In Resistance in Postcolonial African fiction, Neil Lazarus examines the first three of Ayi Kwei Armah's novels in order to explain Armah's portrayal of a momentous change in the aspirations of radical African writers and activists in the 60's and 70's. According to Lazarus, Armah's novels depict a progression from the messianic, "utopic rhetoric" that characterized most early celebrations of independence (a rhetoric, unfortunately, that grossly overestimated and idealized the emancipatory potential of decolonization), to the "rhetoric of disillusion" that resulted from the harsh realities of post-independence class antagonism, foreign dependence, and economic disrepair. Independence, in other words, rarely (perhaps never) ensures the material, economic, and political amelioration of postcolonial nations.

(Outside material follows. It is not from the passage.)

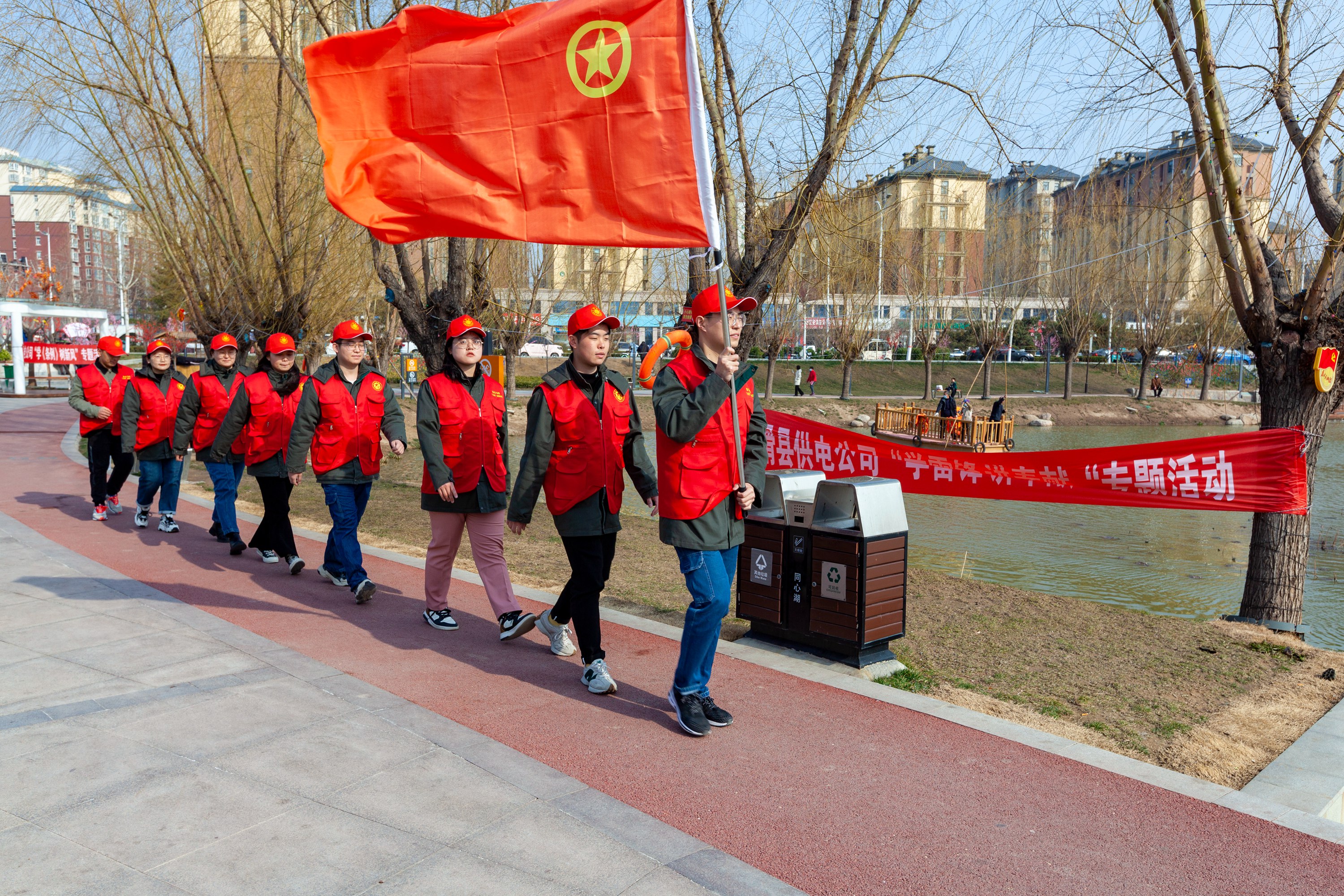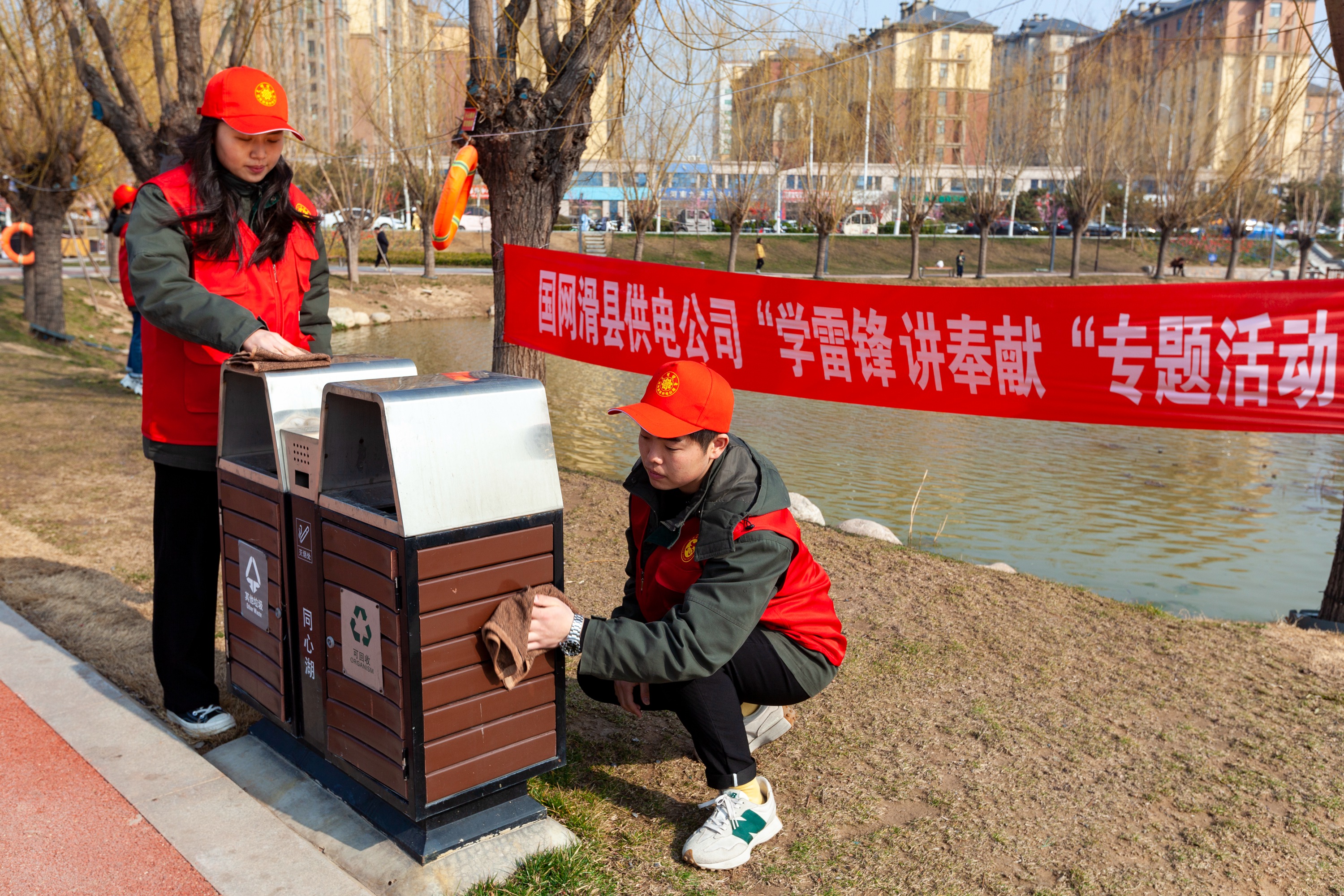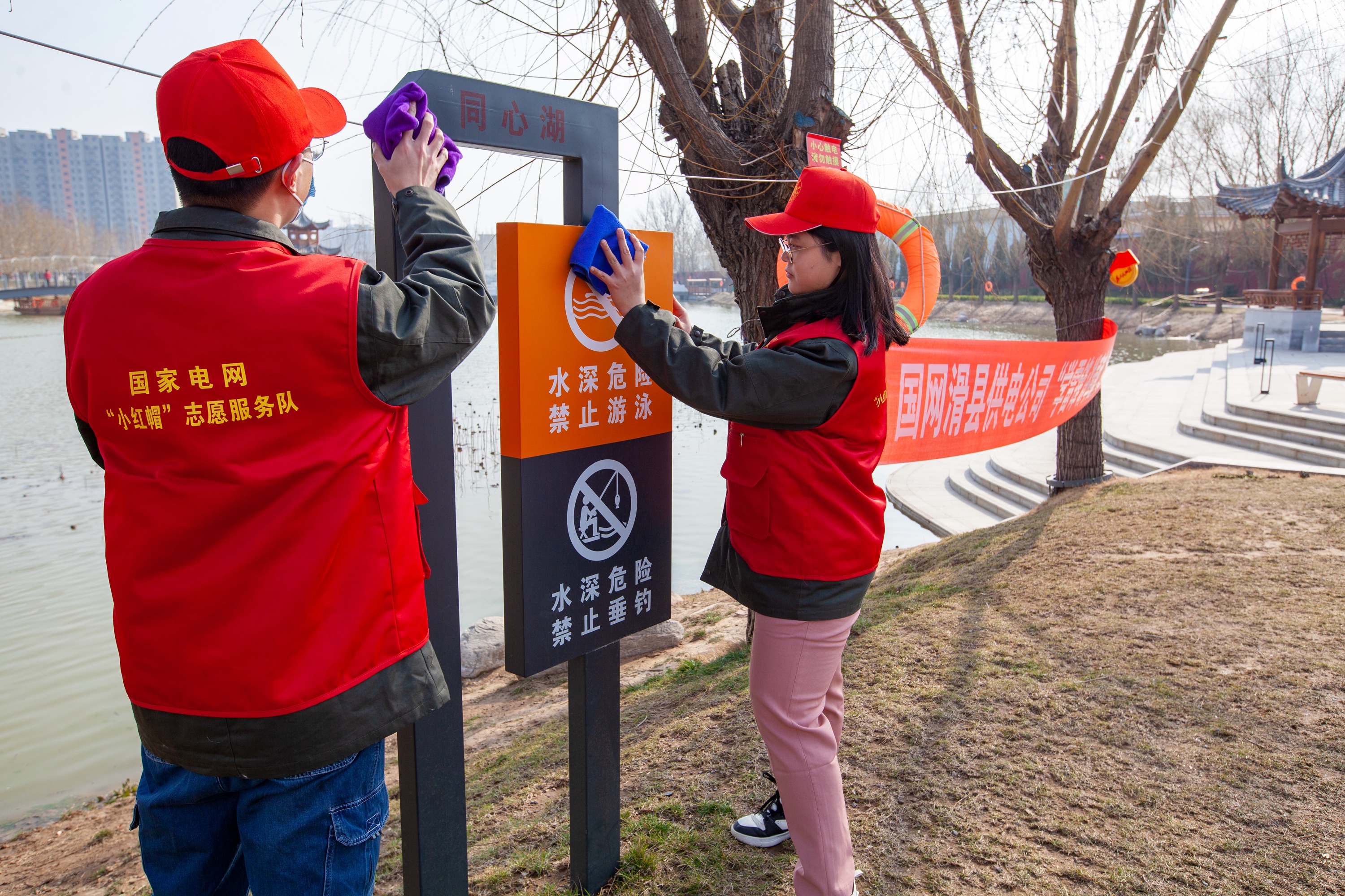 3月2日,在滑县同心湖公园,国网滑县供电公司10余名“小红帽”青年志愿者正在开展“学雷锋 讲奉献”志愿服务活动。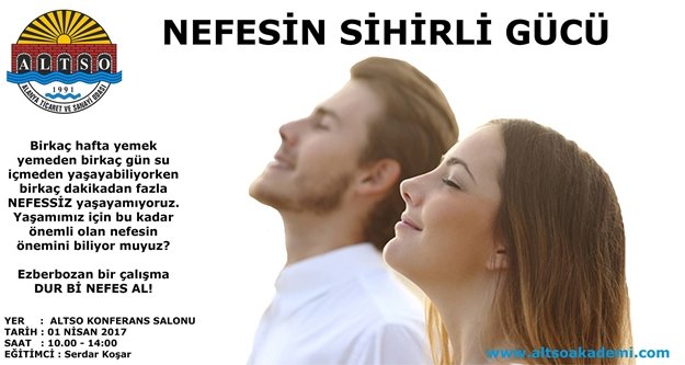 ALTSO Akademi'nin 2017 yılı birinci dönem kişisel gelişim seminerleri Serdar Koşar'ın katılacağı 'Nefesin Sihirli Gücü' semineriyle devam ediyor.

Although in a later discussion of other African writers and intellectuals Lazarus foregrounds Ngugi wa Thiong'o as one of the "major strategists of the 'new' writing that has come to the fore in Africa since 1970" (212), Ngugi's first novel, The River Between, (1965) nonetheless portrays a curious combination of Christian and indigenous "messiah" narratives that bear a strong resemblance to Lazarus' suggestion of a "utopian messianism" in Armah's earlier novels. Set in rural Kenya both before the gaining of independence and before the Kenyan "emergency" of the early 1950's (an emergency that Ngugi was to portray later in his A Grain of Wheat), The River Between has as its central character a figure named Waiyaki--a native of the Kameno mountain ridge who, despite his beliefs in the value of British education, has been prophesied as the "saviour" of Kameno traditions. In the following passage, Waiyaki's father Chege discloses to Waiyaki his foreseen responsibility:

Now, listen my son. Listen carefully, for this is the ancient prophecy....I could not do more. When the white man came and fixed himself in Siriana, I warned all the people. But they laughed at me. Maybe I was hasty. Perhaps I was not the one. Mugo often said you could not cut the butterflies with a panga. You could not spear them until you learnt and knew their ways and movement. Then you could trap, you could fight back. Before he died, he whispered to his son the prophecy, the ancient prophecy: "Salvation shall come from the hills. From the blood that flows in me, I say from the same tree, a son shall rise. And his duty shall be to lead and save the people!" He said no more. Few knew the prophecy. Perhaps Kabonyi, who has betrayed the tribe, knows about it. I am old, my time is gone. remember that you are the last in this line. (24)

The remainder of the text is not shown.